Sunday, June 7, 2009

recycled paper still carries legible words Friday, January 05, 2007

recycled paper still carries legible words
Current mood: hopeful
Category: Games
I don't understand me. I need you. I need you terribly. When you're around the world stops spinning and things settle for once and I know I'm loved and safe and sound.

When you're not here my creepy guy scares me. The bastard digs around in the cages in my mind that I am trying to keep locked away in the recycle section and brings up stuff I don't need. Stuff that must have stuck to the bottom of the bin because I thought I had gotten over some of that & made clean sheets of paper for my memories.

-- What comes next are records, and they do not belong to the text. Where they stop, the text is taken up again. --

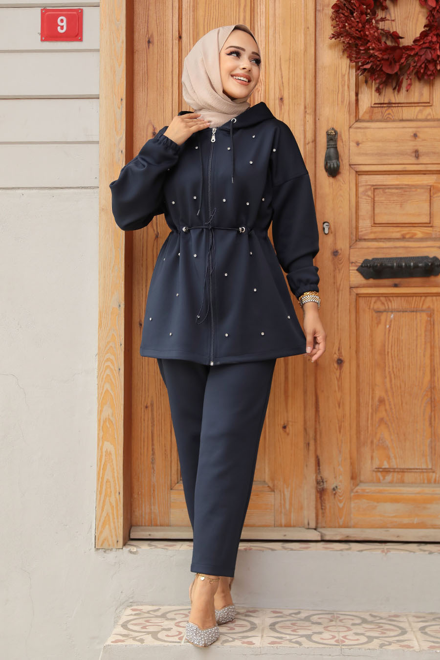 Boncuk İşlemeli Açık Lacivert Tesettür Abaya 29110AL
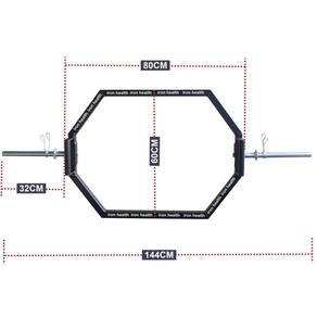Barra Hexagonal Agachamento Livre A Barra Hexagonal Iron Health tem a finalidade da execução do agachamento Livre para treino de pernas. O equipamento acompanha presilhas para anilhas convencionais e tem capacidade para 100kg. Especificações do equipamento:Peso do produto: aproximadamente 6kg;Estrutura: Aço Carbono;Pintura Eletrostática a pó suporte de anilha galvanizado ;Dimensão do produto montado: 144cm de comprimento e 60cm de largura. IMPORTANTE: O produto é apenas o equipamento, não acompanha anilhas. Marca: Iron Health Equipamentos
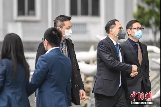 资料图:2月10日,复工首日的广州,民众戴口罩经过珠江新城中央商务区。中新社记者 陈骥旻 摄
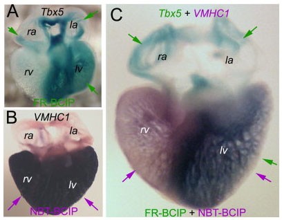 Figure 4. DISH with NBT-BCIP and FR-BCIP for Tbx5 and VMHC1 showing identifiable zones of overlapping expression. A: Single ISH for Tbx5 mRNA using FR-BCIP. Note expression (turquoise arrows) in the right atrium (ra), the left atrium (la) and the left ventricle (lv), but no detectable expression in the right ventricle (rv). B: Single ISH for VMHC1 mRNA using NBT-BCIP, showing expression in the left and right ventricles (purple arrows) but no detectable expression in the atria. C: DISH for Tbx5 and VMHC1 mRNAs. Note that overlapped expression of the two genes is evident in the left ventricle (turquoise and purple arrows), whereas no significant coexpression is detectable in the atria or right ventricle. DISH, double in situ hybridization; NBT, nitroblue-tetrazolium chloride; BCIP, 5-bromo-4-chloro-3indolyl-phosphate; FR, Fast Red 1-5-naphethediol; VMHC1, ventricular myosin heavy chain-1;
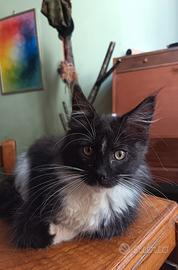 Maine Coon Black Smoke con Bianco, Pedigree Alta genealogia, maschio, 4 mesi mezzo con pedigree disponibile da subito. Un vivace tenerone, vissuto in casa (no gabbie!) a contatto con persone,bambini,cagnolini e abituato a bagnetto e rumori domestici. I genitori hanno tutti i test genetici a posto e gli ecocardio perfetti ma per la vostra tranquillità viene data una garanzia fino al complimento di un anno sulle malattie della razza. Possibilita' di pedigree aperto . Con contratto da compania verra' ceduto sterilizzato.
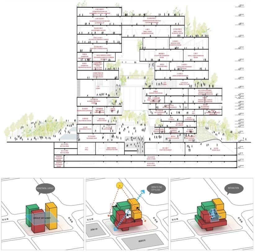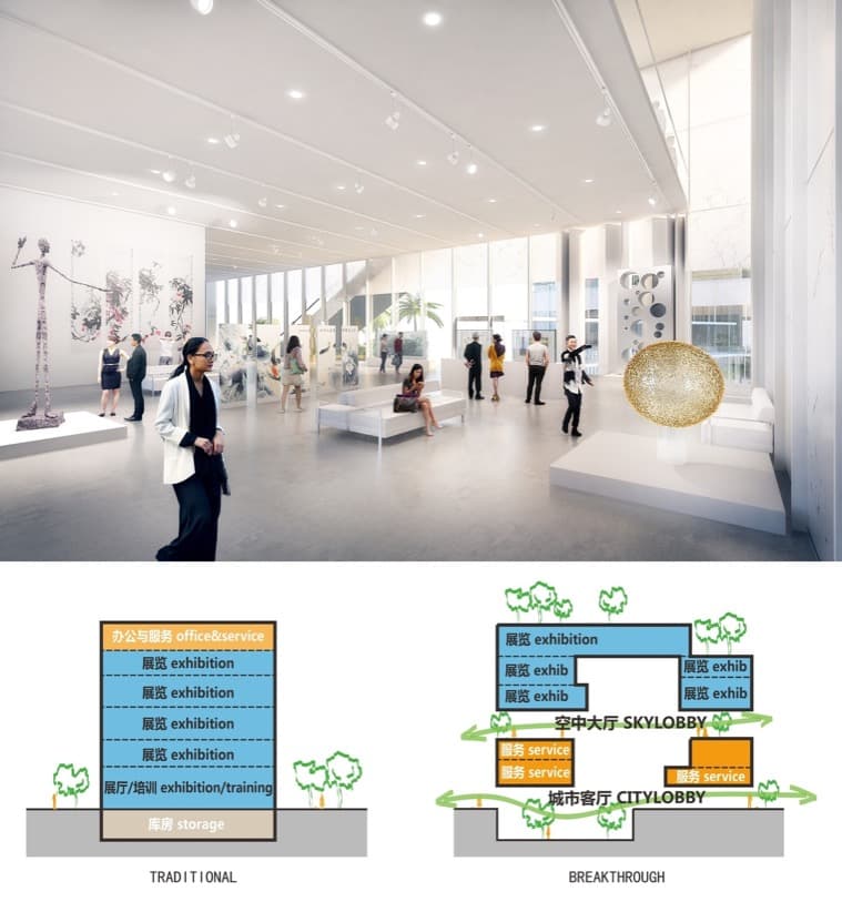 Los más de 80.000m2 del proyecto están divididos en tres piezas: museo, galería de arte, y sala de exposiciones. El vestíbulo de planta baja (llamado city lobby) está conectado con una estación de metro, y da la bienvenida al visitante con varios puntos de venta.
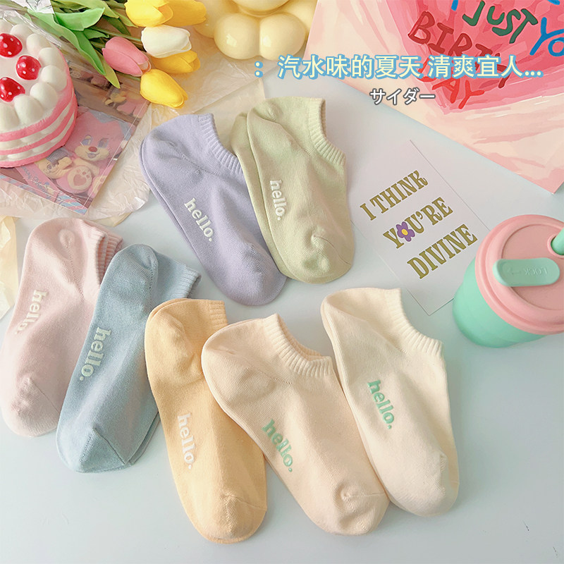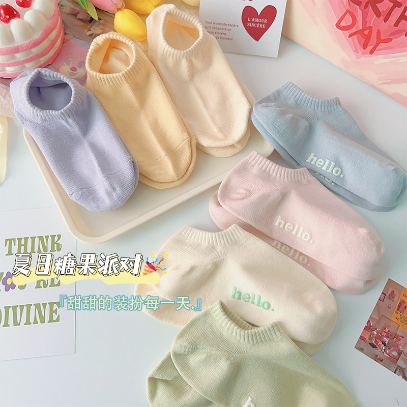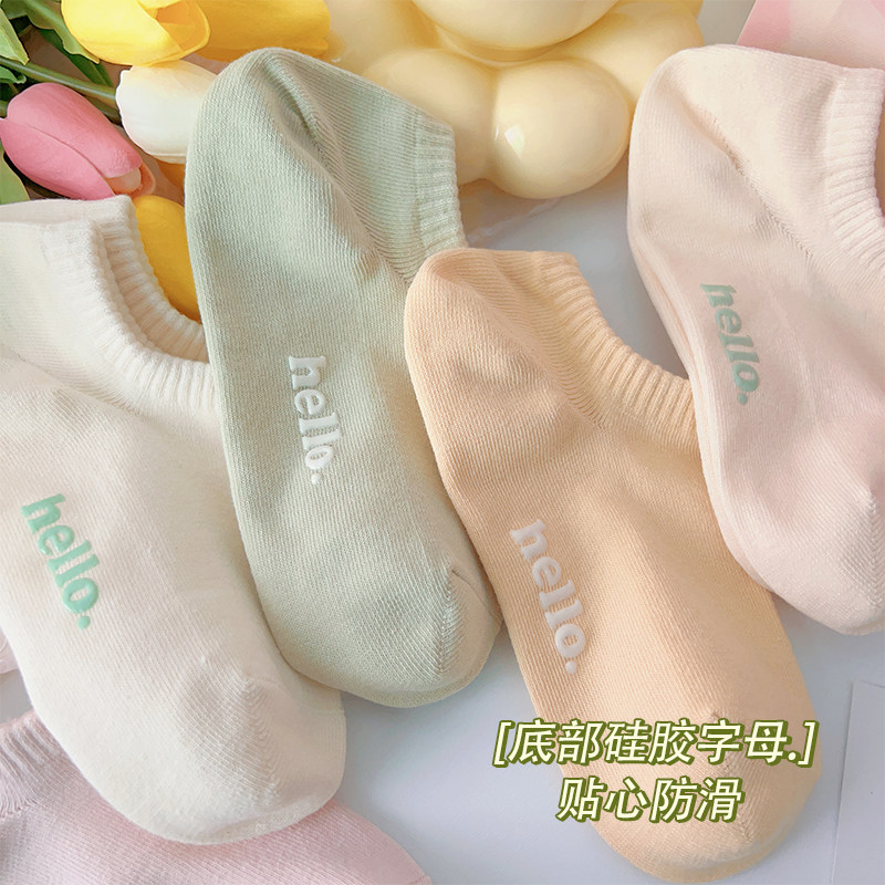 彩色袜子女船袜防滑不掉跟浅口春夏季薄款纯棉短袜网红夏天隐形袜
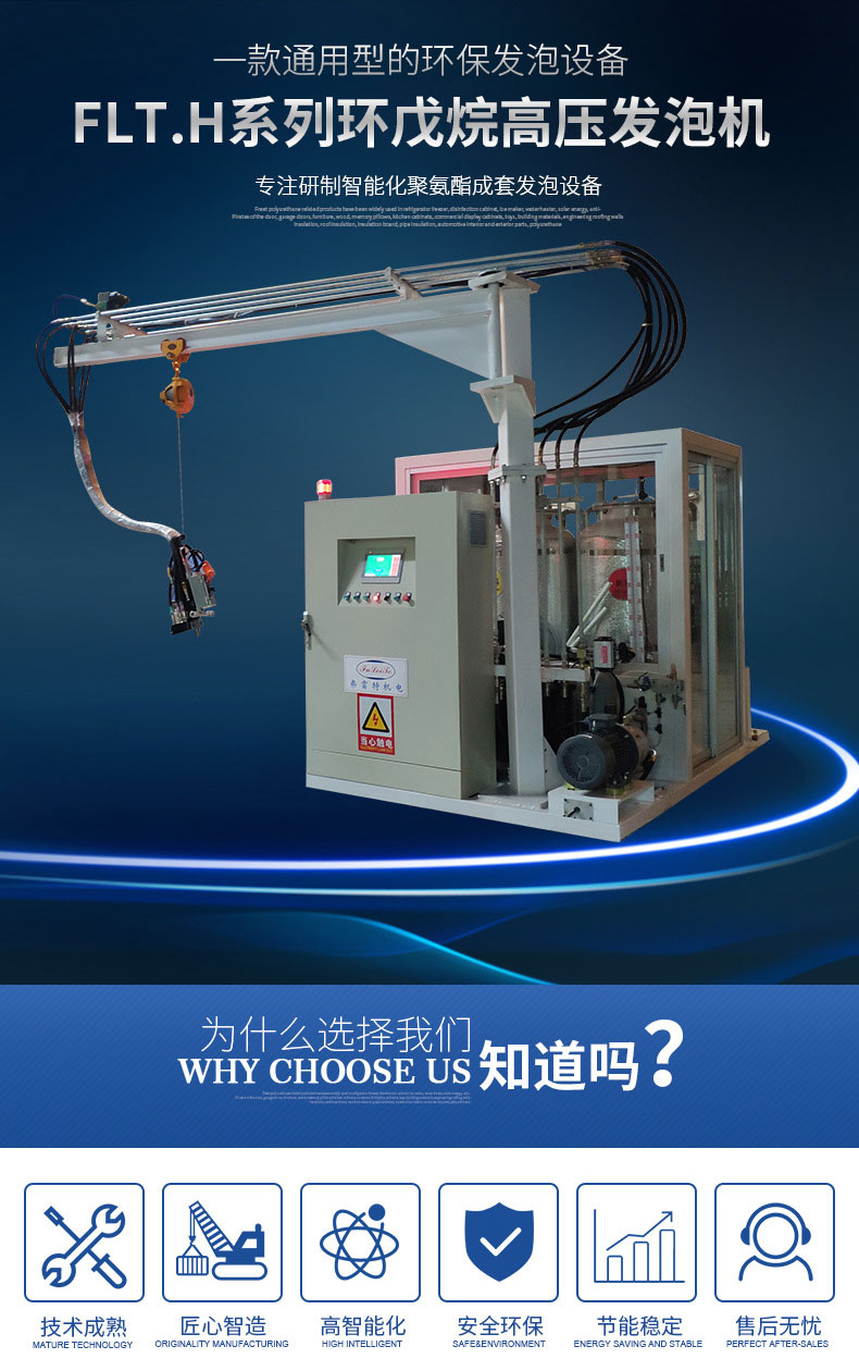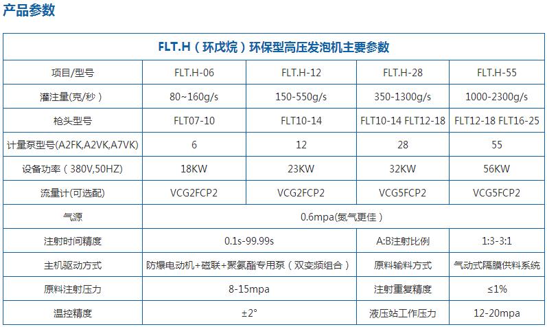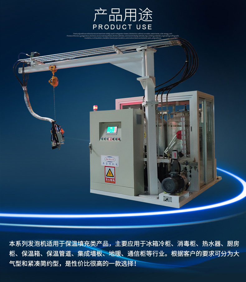 該系列發泡機型有FLT.H-06/12/28/55,環戊烷作為硬質聚氨酯泡沫的新型發泡劑,用于替代對大氣臭氧層有破壞作用的氯氟烴(CFCS),現已廣泛應用于生產無氟冰箱、冰柜行業以及冷庫、管線保溫等領域。無氟發泡及環戊烷安全檢測,警報及處理系統令環戊烷發泡機的使用變得更加安全和可靠,隨著蒙特利兒等公約規定的禁用ODS期限的臨近,CFCr和HCFCs類產品不久將被禁用,環戊烷將成為聚氨酯發泡劑領域的主角。因此,環戊烷發泡機用途相當廣泛,滿足市場需求,順應環保趨勢。
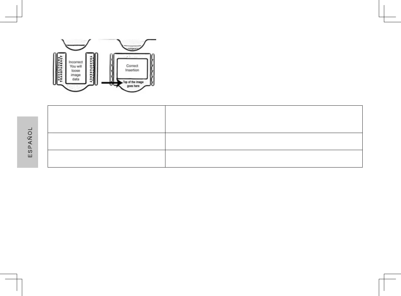 Introduzca el soporte de negativos en la unidad, con las flechas hacia arriba, su imagen
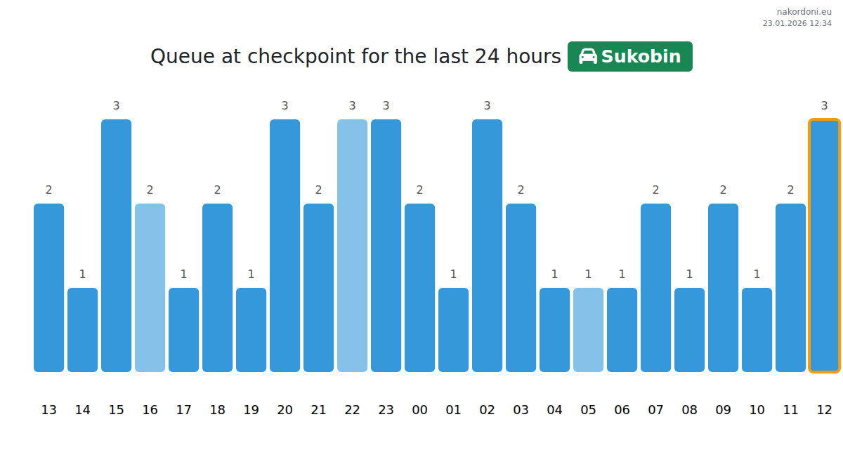 Plan your trips in advance using up-to-date border queue information at the Sukobin - passenger car checkpoint to make your crossing fast and convenient. Pay special attention to these hours to avoid peak times and reduce waiting times.
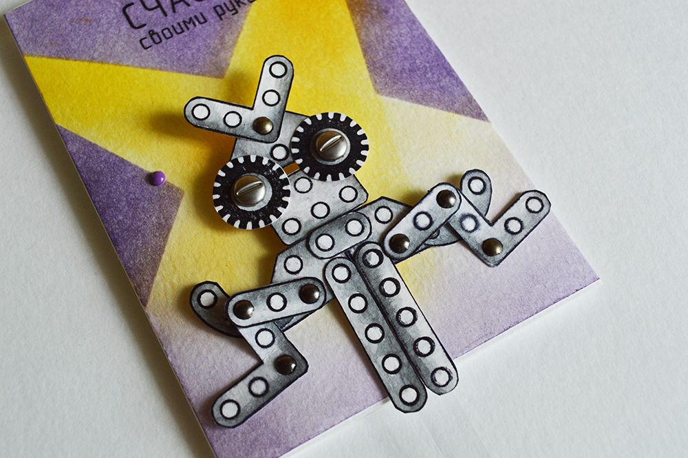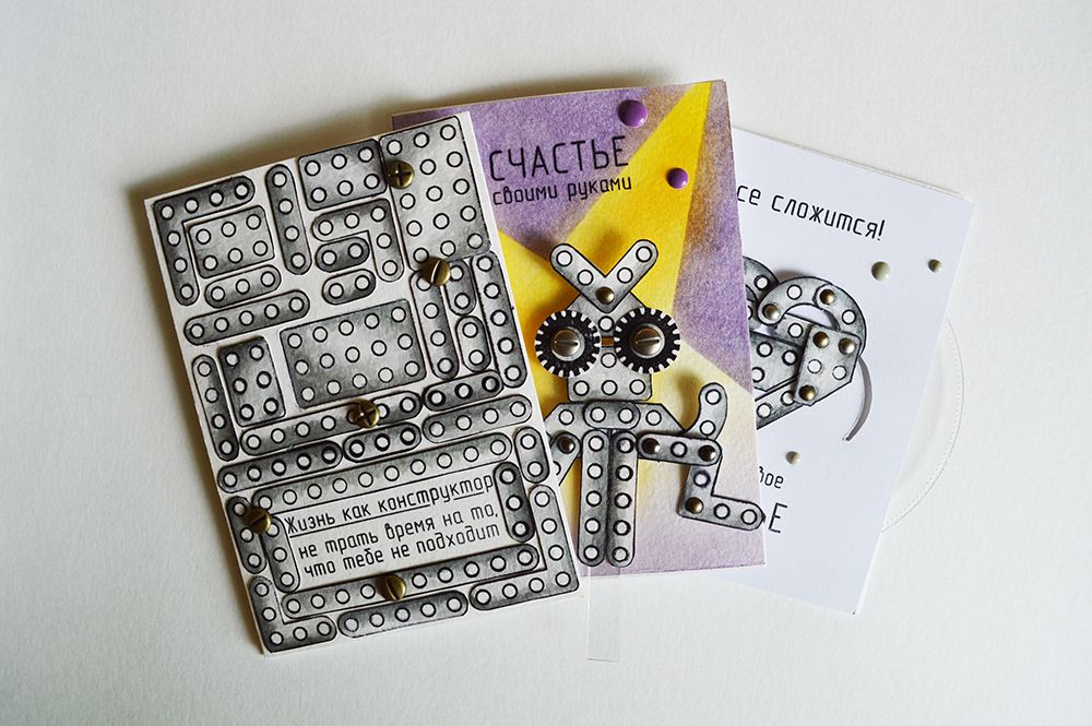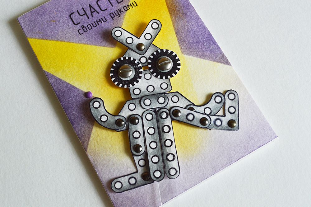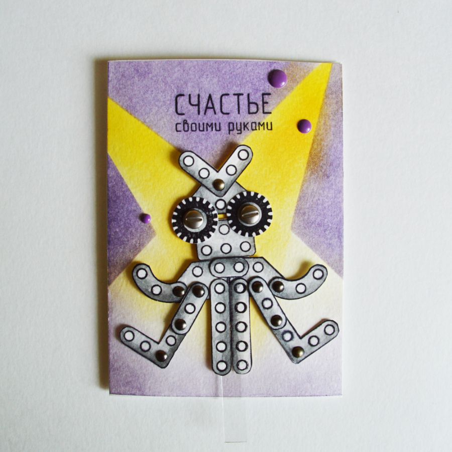 Я решила сразу сделать много заготовок и не ошиблась! В итоге у меня получилось три открытки. Первая веселая и задорная с двигающимся роботом - не то лягушкой, не то осьминогом. Кто это - решать вам))) А открытка мотивирует к тому, что все в наших руках. Хочешь быть счастливым - будь им, радуйся и веселись!

Why can I be so settled and happy with you and at the same time have a zillion things tramp through the folds of my thoughts and scare me? Am I a double standard?

But then when I want to share these fears with you- they diminish. What do you do to me? Are you beating that creep up? Are you helping me get rid of those unwanted feelings and issues that no longer need to be a part of my life?

Please help me, how do I get rid of them when you're not around. Do I need to depend on you for always? I will because I know you'll protect me... I'll give you my trust because you're already mending it for me.

I feel so secure with you- but you're not here! Does it scare you that I need you so badly? Is it okay that I'm needy & clingy and I want your every spare moment? I'm at ease even when we're off doing our own projects but you're here and I can kiss the back of your neck when I walk by.

I try to swear off love and forget it exists, but then I think of your smell and the gentle protective touch you give me. I don't know if I could have dreampt a better man. You're beyond too good for me! You're too patient and so loving.

Love- so many things- I contemplate it endlessly and still can't comprehend it or how it works... I know I want it and I know I can give it. I want to explore it, yet I also want to keep my distance!

Sometimes I still dream of the infamous line by Mary and how everyone would be better off without me. How can I love if I'm not even able to love myself properly? Is this even possible? I think so because I'm still healing and when I love I can heal even more so. My friends, family, and those that love me are helping me along my slow path to recovery... and happiness. I shall claim it once more... and when I do- it'll be with a vengance!

I'm so stinkin moody! It's so annoying (yes you can annoy yourself because I annoy me)

I'm going to unleash the rest of me onto you. I want to let go of everything and show you the love I am so capable of. I can be good for you, too. I want to be. I know there is a time coming in my future when we're apart that I won't cry. I will miss you and nothing else will matter. You'll fight those horrid monsters for me. You said you would.